• What the task requires
From the line containing "Het klassieke design" through the last line of the listing, output each line exactly as it stands. Omit pictures.

• Source data
──────────────────────────────

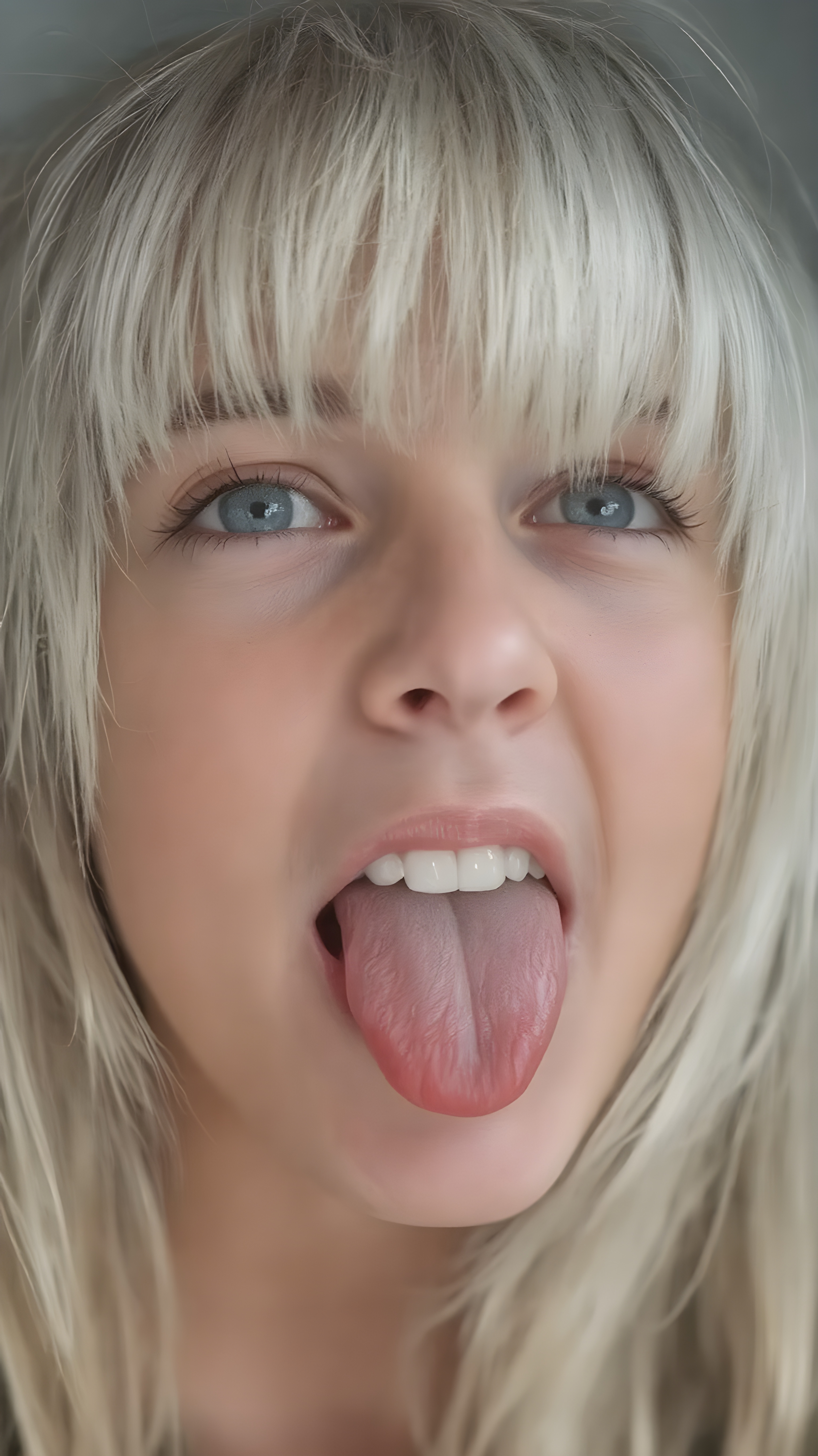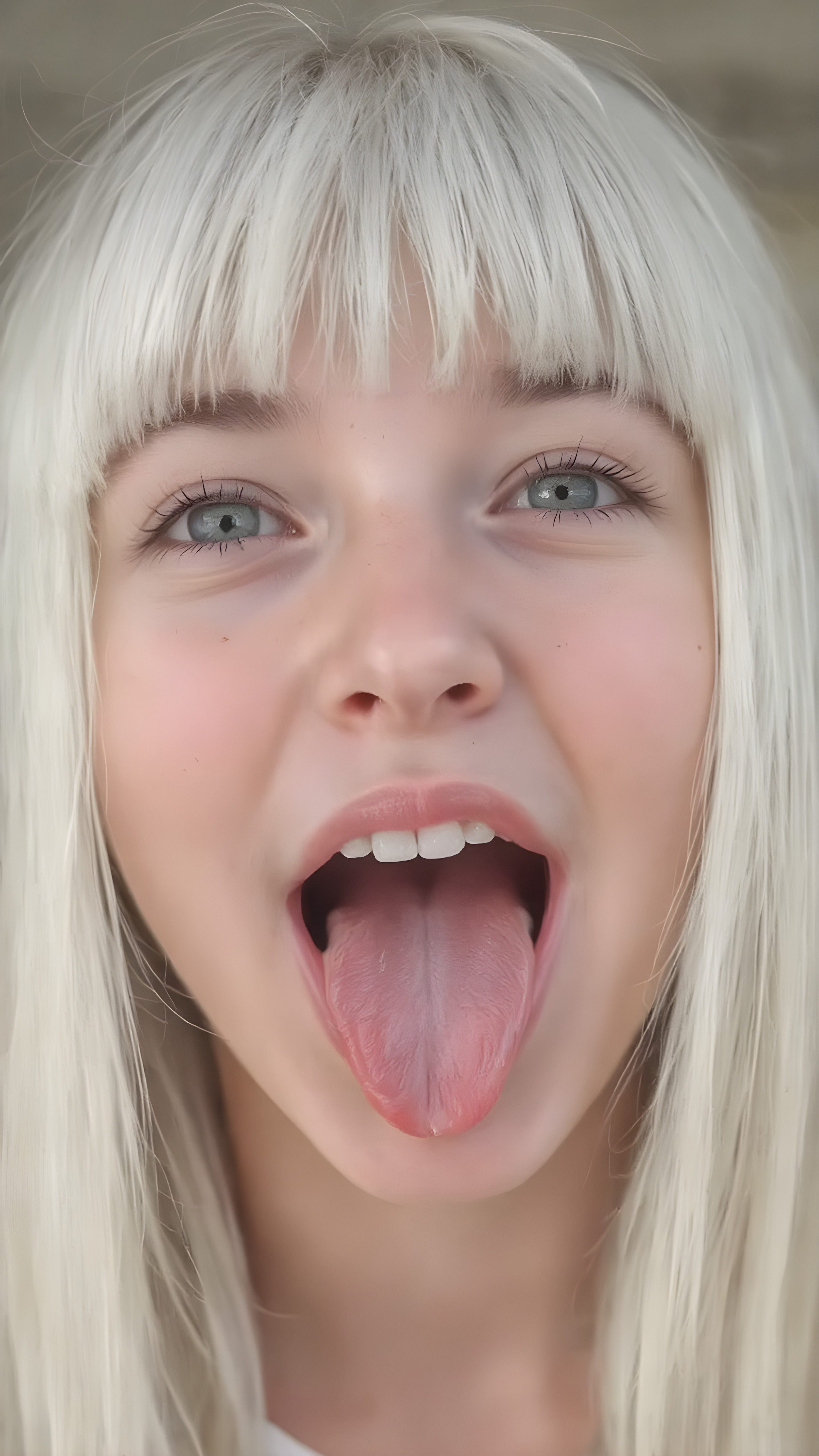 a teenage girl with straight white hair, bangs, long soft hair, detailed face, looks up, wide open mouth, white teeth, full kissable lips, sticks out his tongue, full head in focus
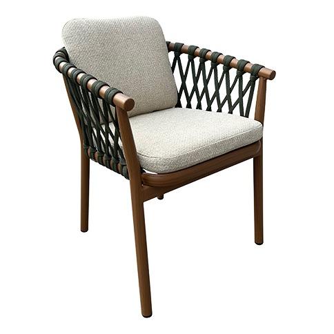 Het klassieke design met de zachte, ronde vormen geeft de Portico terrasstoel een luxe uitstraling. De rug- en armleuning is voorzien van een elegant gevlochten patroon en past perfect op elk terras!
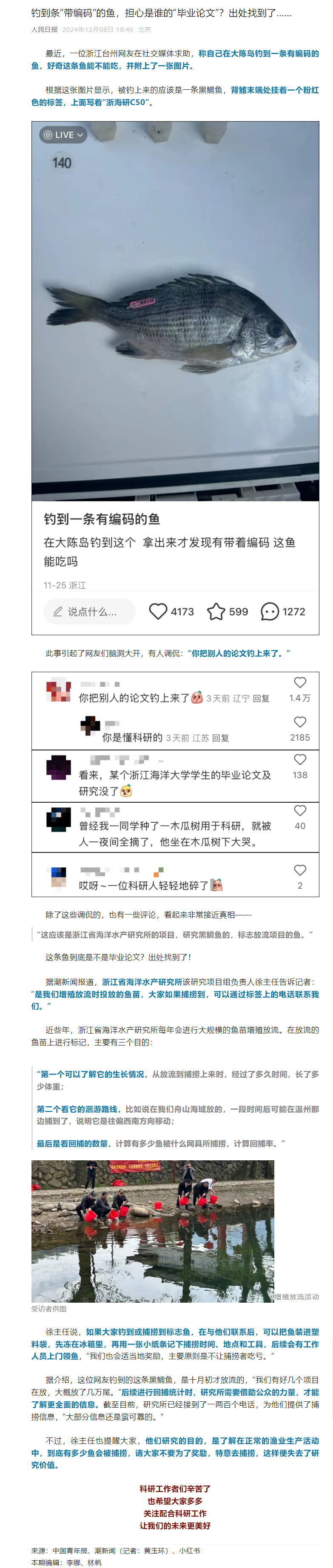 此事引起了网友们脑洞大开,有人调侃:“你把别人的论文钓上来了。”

──────────────────────────────

• Problem solution
 Het klassieke design met de zachte, ronde vormen geeft de Portico terrasstoel een luxe uitstraling. De rug- en armleuning is voorzien van een elegant gevlochten patroon en past perfect op elk terras!
 此事引起了网友们脑洞大开,有人调侃:“你把别人的论文钓上来了。”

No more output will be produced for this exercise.